Changing of the Guards outside the Parliament Building in Athens, Greece

So I watched the Evzones guards outside the Hellenic Parliament building on Monday in Syntagma Square. Here’s a video that shows some of this very long, drawn out ritual.

Although the guards change hourly, there is a big ceremony once a week. These ceremonial guards, the Evzones, stand motionless at the tomb of their Unknown Soldier. They are volunteers—Getting into this unit is an honor, and they have to be over 6 ft. tall. They wear white tights, a white skirt, a white blouse with very full sleeves, an embroidered vest, red cap, and shoes with big pom-poms. The uniform is based on the clothing of the Klephts, mountain fighters who fought the Turks from the 15th Century until Greek independence in the 19th Century.

The two guards stand inside small guardhouses. Just before the ceremony they step outside it, and soldiers in regular uniforms tidy them up. We watched a guy smooth out the tassels on the guard’s sash so each thread laid flat.

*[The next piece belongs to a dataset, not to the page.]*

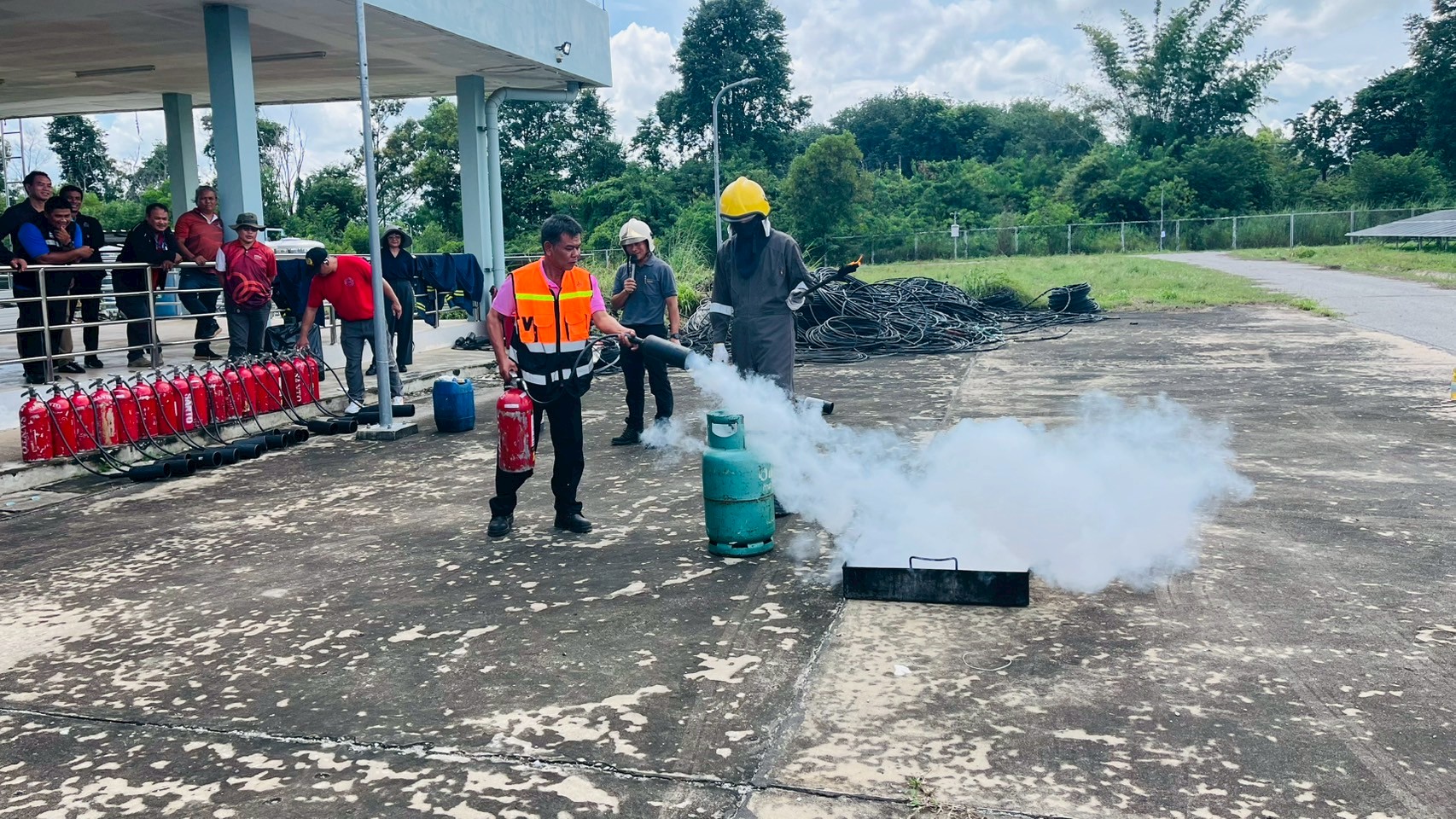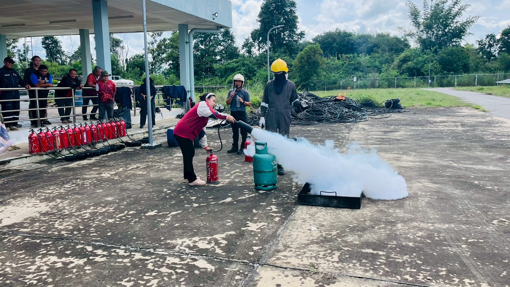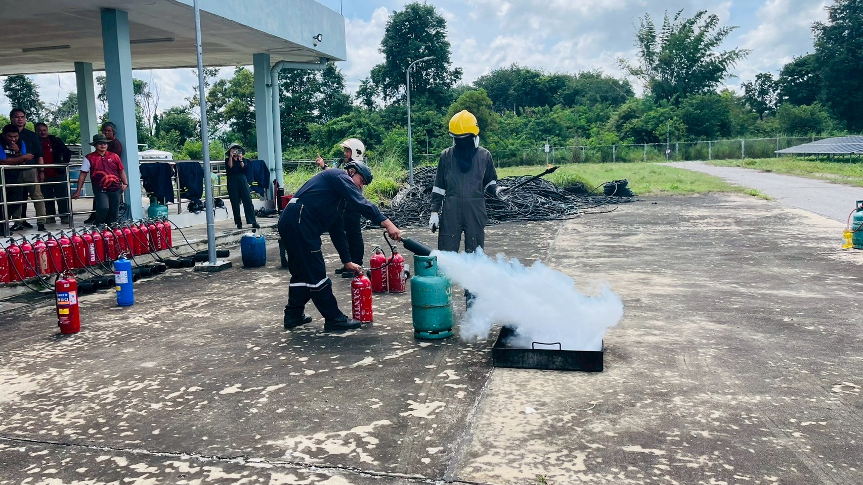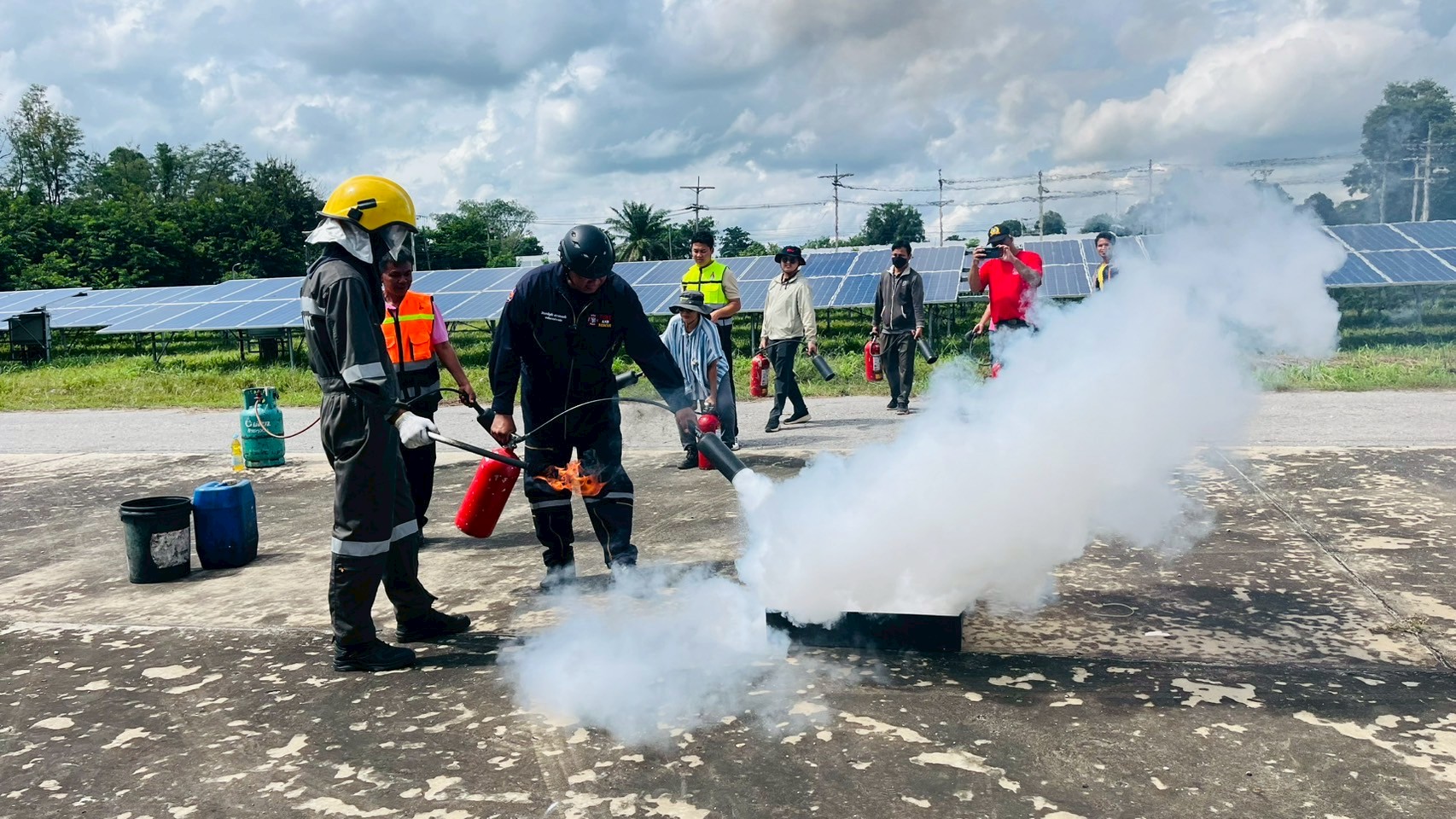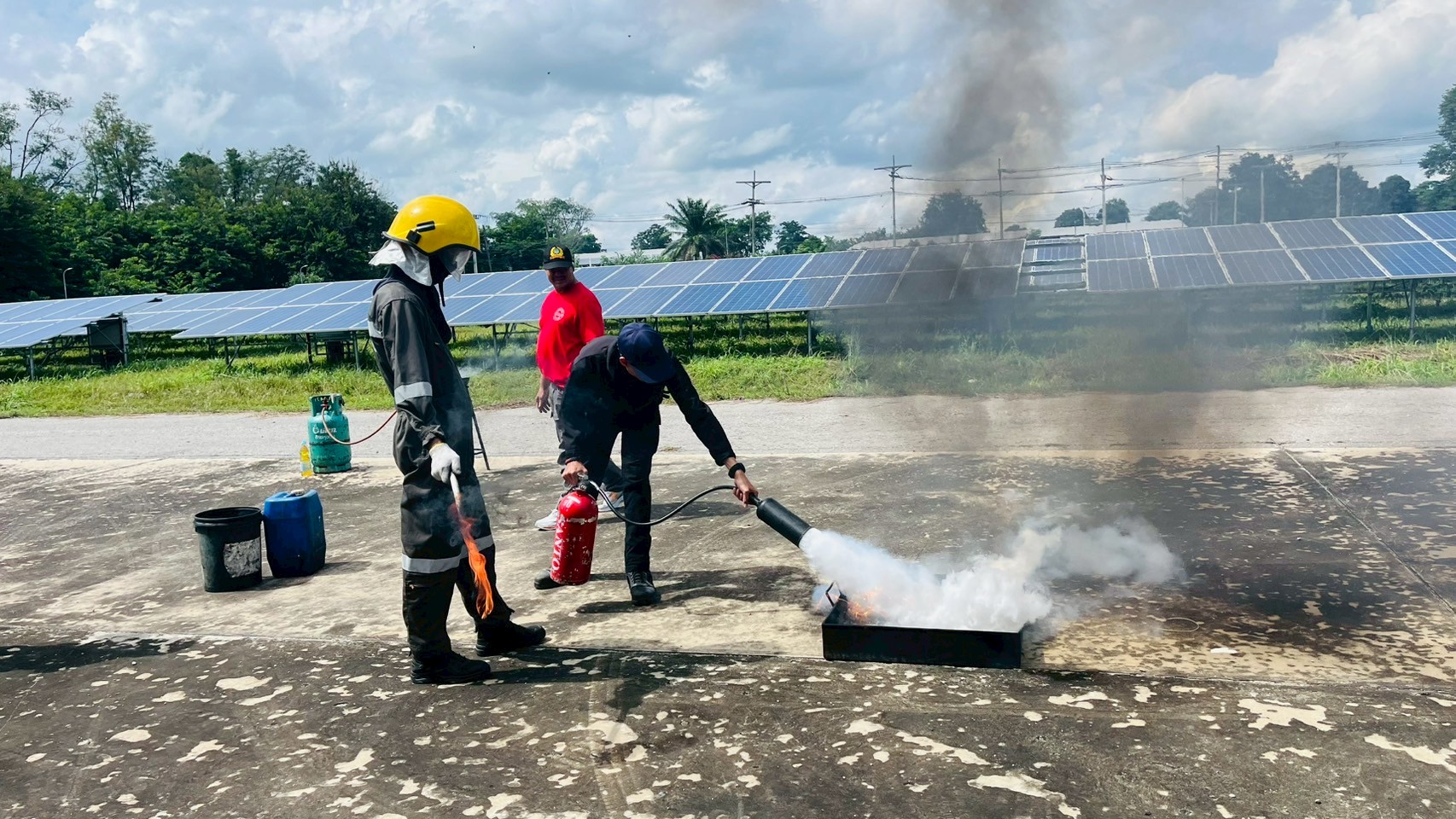 เมื่อวันอังคารที่ 9 กันยายน 2568 เวลา 08:30 น. – 16:30 น. ฝ่ายกายภาพและสิ่งแวดล้อม นำโดย รศ.ดร.ชูพงษ์ ทองคำสมุทร เจ้าหน้าที่กองป้องกันและรักษาความปลอดภัย เจ้าหน้าที่กองอาคารและสถานที่ และเจ้าหน้าที่กองสาธารณูปโภคและสิ่งแวดล้อม เข้าอบรมโครงการหลักสูตรดับเพลิงขั้นต้นและฝึกซ้อมเหตุฉุกเฉิน สถานประกอบการการผลิตไฟฟ้าพลังงานแสงอาทิตย์จากเทคโนโลยีแผงโฟโตโวลตาอิคส์ มหาวิทยาลัยขอนแก่น ณ ห้องประชุมอาคารอธิการบดี 2 มหาวิทยาลัยขอนแก่น เพื่อเพิ่มศักยภาพในการปฎิบัติหน้าที่ของเจ้าหน้าที่ให้เป็นไปด้วยความปลอดภัยและมีประสิทธิภาพ โดยมีผู้เข้าร่วมทั้งสิ้น 45 คน

At the appointed time a military band comes down the street, followed by dozens of these guards. After they reach the paved area in front of parliament, there is a lot of marching around, presenting arms, etc. Eventually, the two replacement guards go up the few steps to the booths and the other two leave.

These four guys do what looks like a ballet—They move in controlled slow motion, in perfect sync, first dragging their foot backward, then raising that leg out straight before taking each step. It takes them awhile to go anywhere! Eventually the two new guards are in place, and everyone else marches off.